Pero la posibilidad de resistencia no ha desaparecido. El placer de oír su voz hace posible que el sentido arruine sutilmente el plan: está hablando de suicidio.  Ella ha recuperado su cuerpo para estar, sus ojos para vernos, sus oídos para escucharnos y su voz para hablar de la posibilidad del auto-exterminio. Nos explica que el suicidio debe planificarse. No puede ser un arrebato trágico con el que vengarse torpemente del mundo. Se trata más bien de una operación, de una acción política que, probablemente, no tenga nada que ver con la muerte física del cuerpo. O, al menos, no sólo. No habla del suicidio para asustarnos o preocuparnos, es decir, para provocar emociones que confirmen nuestra posición invisible en el patio de butacas. En realidad, es una propuesta. Está compartiendo con nosotros un descubrimiento: si ella se quita del medio, si ella, objeto de nuestra mirada en la que se sostiene todo el teatro, desaparece, el teatro se hundirá. Suicidarse, entonces, no es otra cosa que un proyecto para arruinar esa subjetividad producida por y en el teatro. Si no hay objeto que consumir, si no hay un otro vivo frente al cual confirmar el ser propio, se acabó el problema. O empezó la vida. Así, no parece que haya excusa para eludir el compromiso: acaba de decir sus palabras, se levanta y se va de la sala. Esto es, ejecuta el suicidio, desaparece.

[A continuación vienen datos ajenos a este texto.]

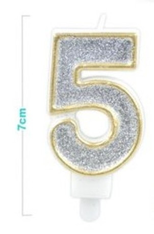 SZÁMGYERTYA "5" 7CM ARANY SZÉLŰ EZÜSTPOROS
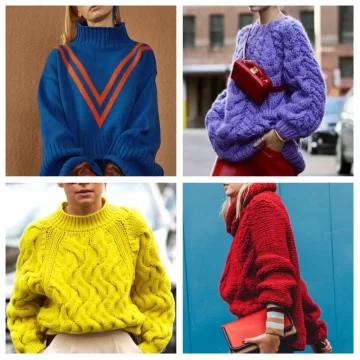 > Sweater vibrantes . La explosión de color es una estética de prendas de punto que recoge las tendencias de color más impactantes de la temporada, comenzando con el rosa , el púrpura y el bígaro de Barbiecore, también este aspecto de caleidoscopio incluye bloqueo de color gráfico en combinaciones inesperadas. Esta temporada, atrevidas combinaciones de looks y colores vivos irrumpen en el armario en combinación con angora, flecos, cuadros escoceses y rombos. Lo único que debe tener en cuenta es que los suéteres modernos y brillantes son bastante difíciles de combinar con cualquier cosa, por lo que al elegir un modelo específico, piense de inmediato cómo lo adapta a su estilo.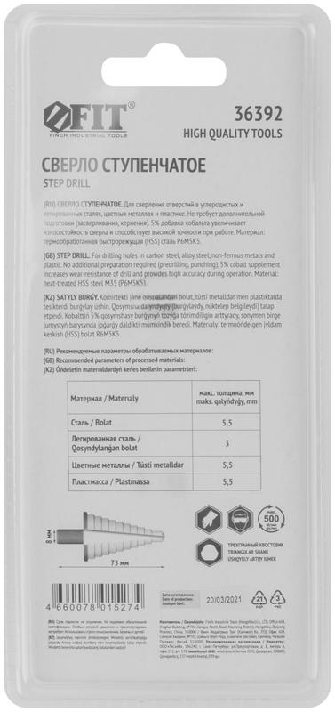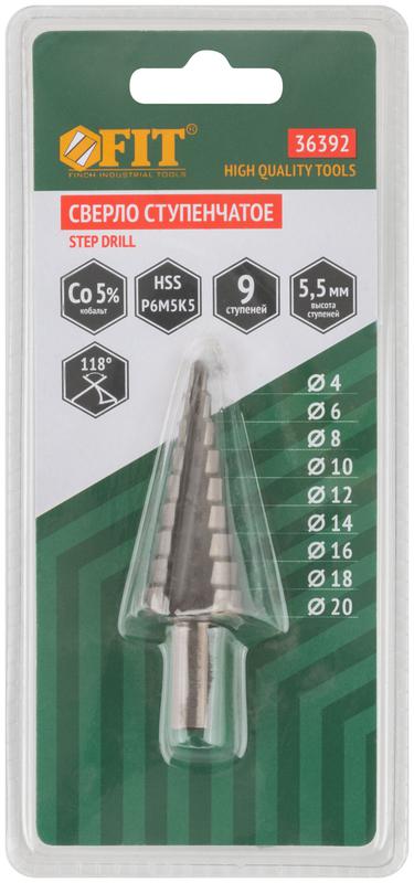 Сверло ступенчатое HSS Co5% (Р6М5К5) по металлу 9 ступеней 4-20мм FIT 36392

Sin nadie en el escenario, sin objeto al que dirigirse, nuestra mirada de espectadores comienza a generar en un ruido ensordecedor. El teatro se hunde y con los ojos buscamos algo que ver. Pero solo encontramos otros cuerpos desconcertados como el nuestro. Y cuando la situación se hace insostenible, ocurre el milagro. Alguien se levanta, coge una guitarra eléctrica y se pone a tocar. El infierno se esfuma de inmediato. De nuevo es el oído el que nos salva. Alguien habla con los dedos sin decir palabras. Estas frases que no necesitan sentido se convierten en el mejor bálsamo: que el suicidio haya tenido lugar y el teatro se haya hundido es una buena noticia. No hay que tener miedo. Solo hay que dejarse llevar, que el cuerpo no tiene la culpa de ná (Martirio dixit). Lo más duro, que es reconocer el cuerpo propio y a los demás como semejantes, ya ha pasado.  Ya no estamos en el teatro, estamos en un salón. Con su mueble bar y todo. Estamos invitados y somos bienvenidos. El bálsamo de palabras sin lenguaje se convierte en un concierto delicioso. Un tema tras otro. La seducción se transforma en cuidados amorosos. Cuidados que ocasionalmente se convierten en cuchillo en la garganta dispuesto a demostrar que sí, que ese cuerpo que cada uno hemos recuperado para el placer es, en efecto, de carne y se afloja bajo los efectos del exquisito tequila. Y si cortas la piel, sangra. Llegado el caso ¿qué otra cosa podría decir uno sino “hágase en mí según tu voluntad”?

El goce continúa hasta que nos echan del salón. Pero antes de salir y para asegurarse de que no se nos olvide lo importante, escuchamos la consigna que debería estar grabada con grandes letras de oro en algún sitio: “Hay que cavar un túnel hasta encontrar la salida, alcanzar la luz e inventar otra máquina. Hay que volver a empezar a desear, transformar, por virtud del deseo, la nausea en amor al mundo, el odio en pico para cavar el túnel, la rabia en pala para sacar el escombro, la obsesión en combustible para no desfallecer.” Quizás al otro lado del túnel encontremos otra manera posible de habitar el ser. Quizás allí demos con la posibilidad del encuentro piel con piel… (son imaginaciones mías, ¿o ya se comienza a oír a lo lejos el Bolero de Maurice Ravel?)